To Fly or Not To Fly?

for me, the answer is simple:  as long as there is even the smallest possibility a stranger will be given the right to subject me to an “enhanced” pat down, i will NOT be flying any time soon.

for the duration, this body is mine.  as such, i have the right (at least in this country), to decide how it is treated and viewed.  everybody has the right to determine how their body is treated and viewed.

recently, there have been some very disturbing reports of people who have had that right taken away from them at U.S. airports.

people have said they have felt “violated” after having gone through the body scanner that transmits an image to some stranger in another room that shows (for all practical purposes) their naked body.  when the scan shows an “anomaly” or when the passenger opts out of being scanned, he/she is then subjected to an “enhanced” pat down that involves the actual touching of the genital area (which, in my book, IS a VERY SERIOUS violation).  there is the option to have this done in a private room, but the result is the same:  a pat down involving private body parts by a complete stranger is involved.

there have been reports showing a complete lack of compassion for those who are handicapped or are otherwise incapacitated.  prosthetics have been removed for inspection.  clothes have been removed to see metal knee or hip joints.  people are ignored when they try to tell agents about medically necessary implements attached to their body.

there have been reports of children being “patted down.”  some of these children, especially those that have been taught what a “bad touch” is, have reacted violently, begging their parents to make it stop.  again, a child doesn’t care that this is being done in private…a “bad touch” is a “bad touch,” no matter where it happens.

i’m also concerned about reports that people are being fined after finding out that they simply can’t endure the screening process and leave (or try to leave).
i’m also concerned about reports that phones and cameras are being confiscated from people who “document” these situations.
Uhm….i might expect that in another country, but in the U.S.?

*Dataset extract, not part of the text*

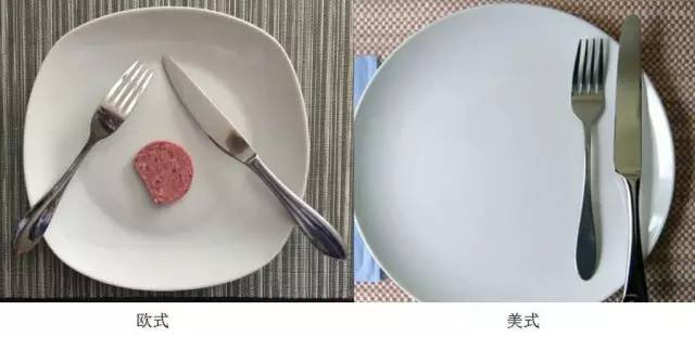 那为什么不在切好食物后换右手用叉子进食呢?这就不得不提到西餐用餐方式中的欧式和美式之分。大概到了 1850 年左右,西方的一些上层阶级不再将餐叉左右手换来换去,他们认为这样的做法不优雅。欧式的用餐方法随之运应而生,即在进餐过程中一直保持左叉右刀的姿势,切好食物之后也用左手持餐叉进食,进食的过程中右手的餐刀不会被放下。

i know this happens to only a very small percentage of passengers, but i so understand what it means to be a part of that small percentage.  i HAVE been singled out at an airport because i tried to declare a medical situation (in 2004, i had a recently implanted chemo port and a very recent mastectomy…i was still healing from the procedure).  i know what it’s like to be ignored (“raise your arm, ma’am.”  “i can’t raise my arm because of the surgery.” “raise your arm, ma’am.” “i…i…can’t”).  i also remember my carry on bag, with all my meds and bandages, being rifled through for ALL to see (no privacy room was offered), with the agent commenting that i was taking way too many drugs.  i was shocked…shocked that she would tell a cancer patient undergoing chemo that the drug regimen her own doctors gave her was inappropriate.
i wasn’t patted down, as that wasn’t the procedure, at the time.
regardless, i still felt abused (mentally).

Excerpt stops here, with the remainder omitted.